The Junk Beer Kidnap Band (alternatively called Corey Taylor & the Junk Beer Kidnap Band) was an American rock band from Des Moines, Iowa, formed in 2008. They were a side project of Corey Taylor, frontman of Slipknot and Stone Sour. The band never released any official albums or singles.

== History ==
Originally conceptualized as "the first stoner rock disco funk band" by vocalist and guitarist Corey Taylor, JBKB were formed in 2008. To begin with they wrote nine songs together, however it was when the band were jamming Taylor's solo material that he asked them to "back him up" on his shows he was planning. Taylor describes it as "pure Midwest rock" with "big chords, huge choruses and a lot of melody". The band has played some original songs, that were never released officially to streaming, as well as covers of songs from Stone Sour and others.

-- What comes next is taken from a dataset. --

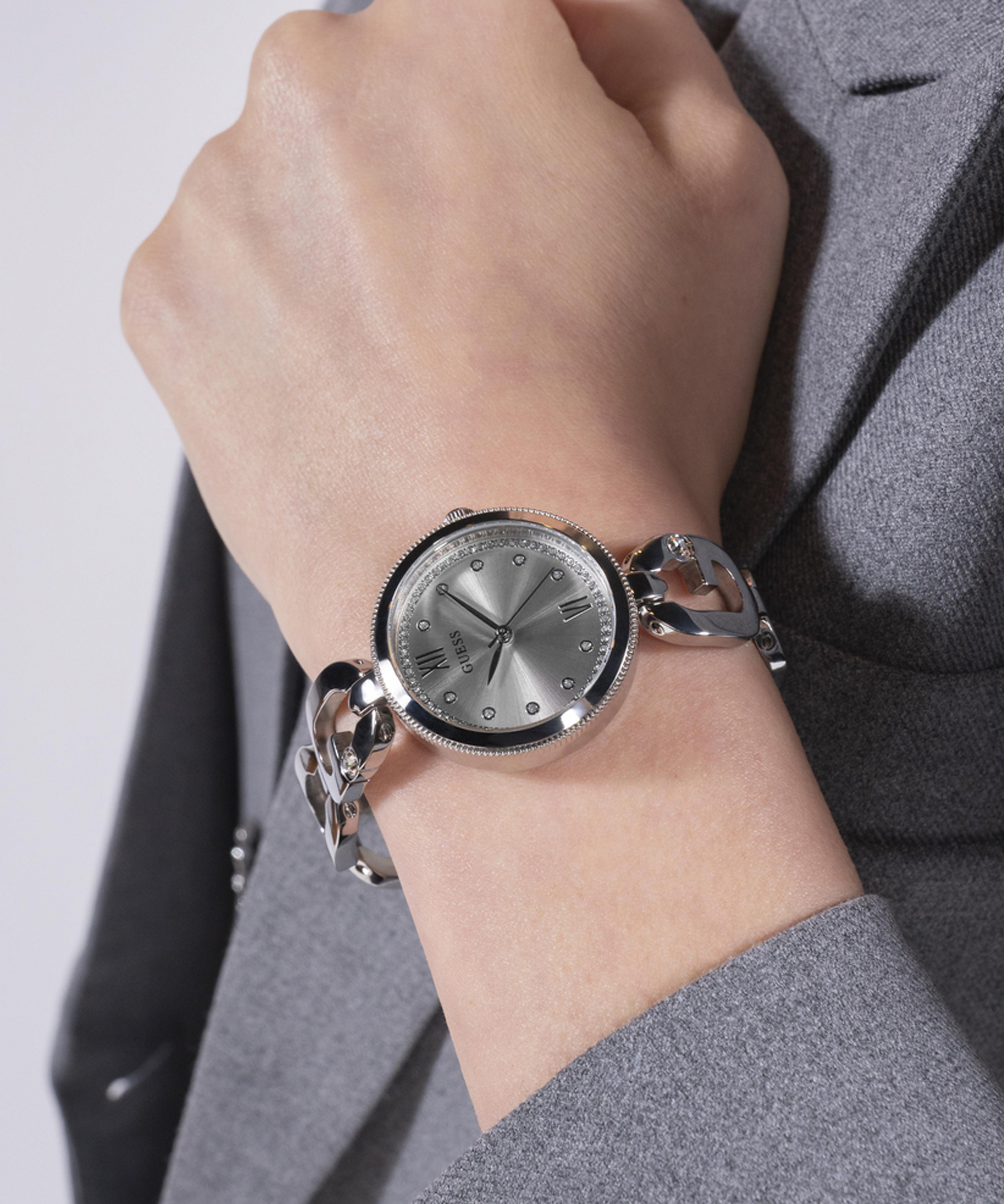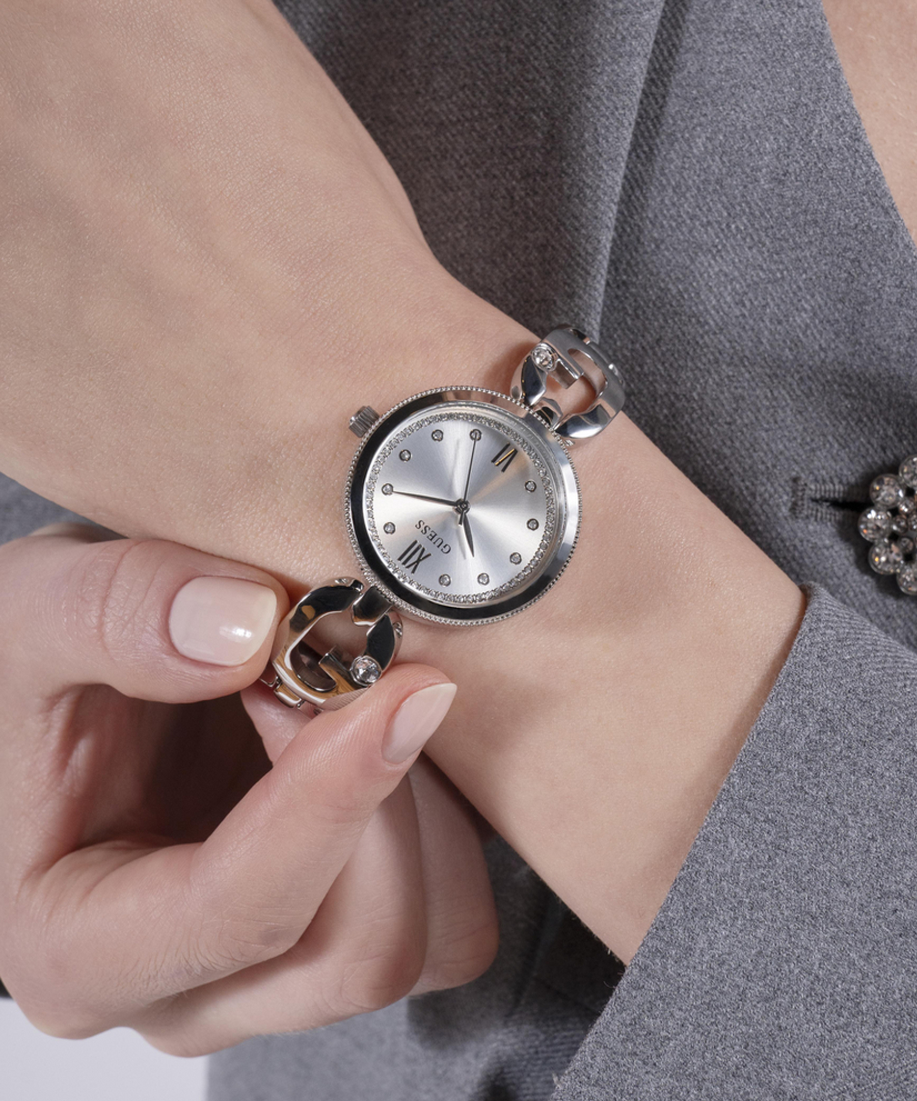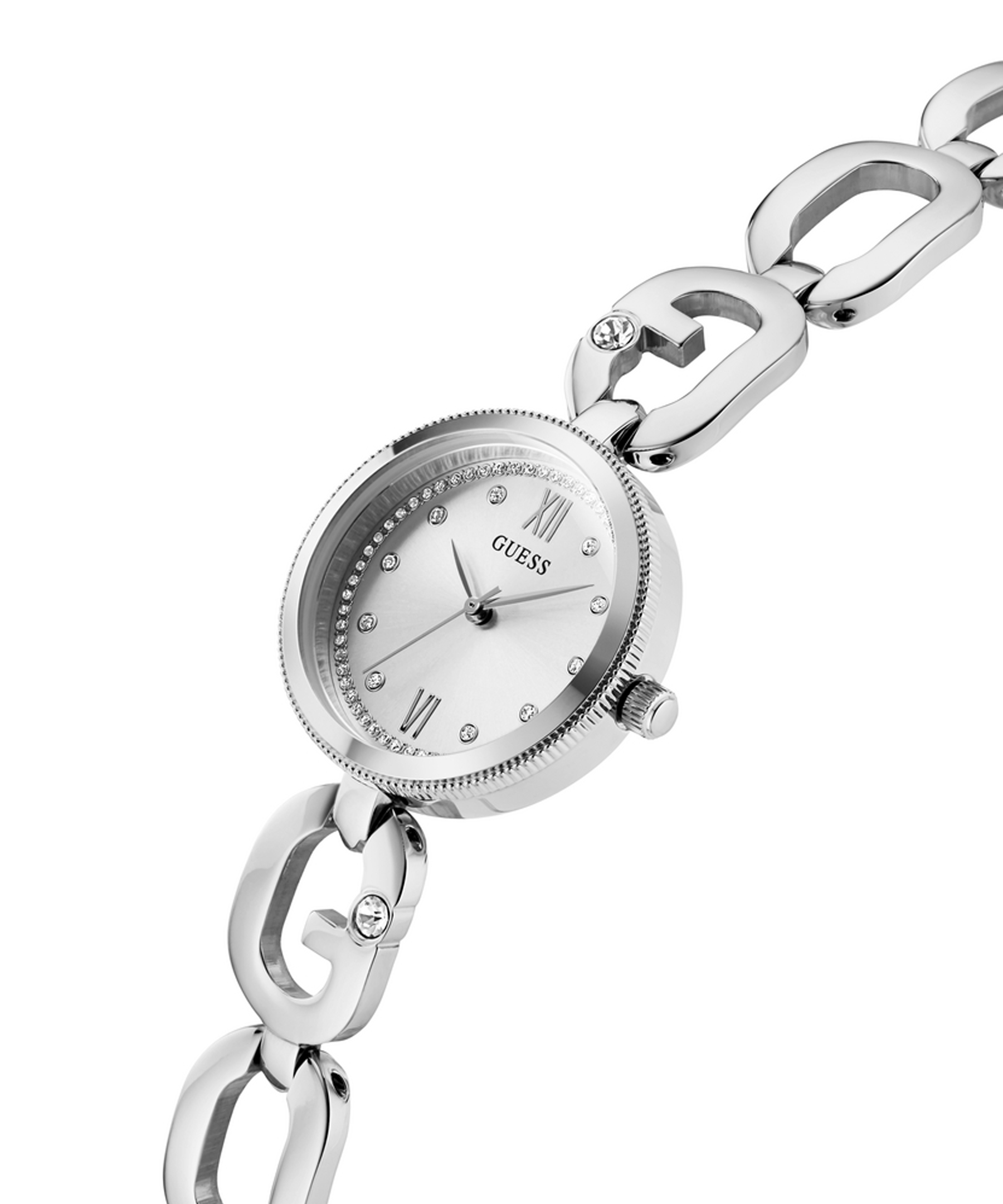 Очень женственный дизайн воплощен в новой модели часов американского бренда GUESS. В часах установлен надежный японский механизм Miyota. Стальной корпус и браслет. Изысканный дизайн, надежность кварцевого механизма Miyota и практичность совмещены в одном аксессуаре, который может служить своей владелице как самостоятельное ювелирное украшение. Диаметр корпуса: 30 мм. Аналоговый циферблат надежно защищен прочным минеральным стеклом. Водозащита 3 АТМ.

The JBKB original song "Imperfect" was slowed down and put in Stone Sour's 2010 release Audio Secrecy. The original version also had drums and an alternate ending, both of which were taken out of the Stone Sour version.

== Band members ==
- Final line-up

- Corey Taylor – vocals, guitar (2008–2010)
- Nik Sorak – guitar, backing vocals (2008–2010)
- Jason Christopher – bass, backing vocals (2009–2010)
- Roy Mayorga – drums (2010)
- Former members
- Fred Missouri – bass (2008–2009)
- Tyson Leslie – keyboard, guitar, backing vocals (2008–2009)
- Thomas Doggett – saxophone, wind synthesizer, backing vocals (2008–2009)
- Ryan Berrier – drums (2008–2009)

Timeline (2008–2010)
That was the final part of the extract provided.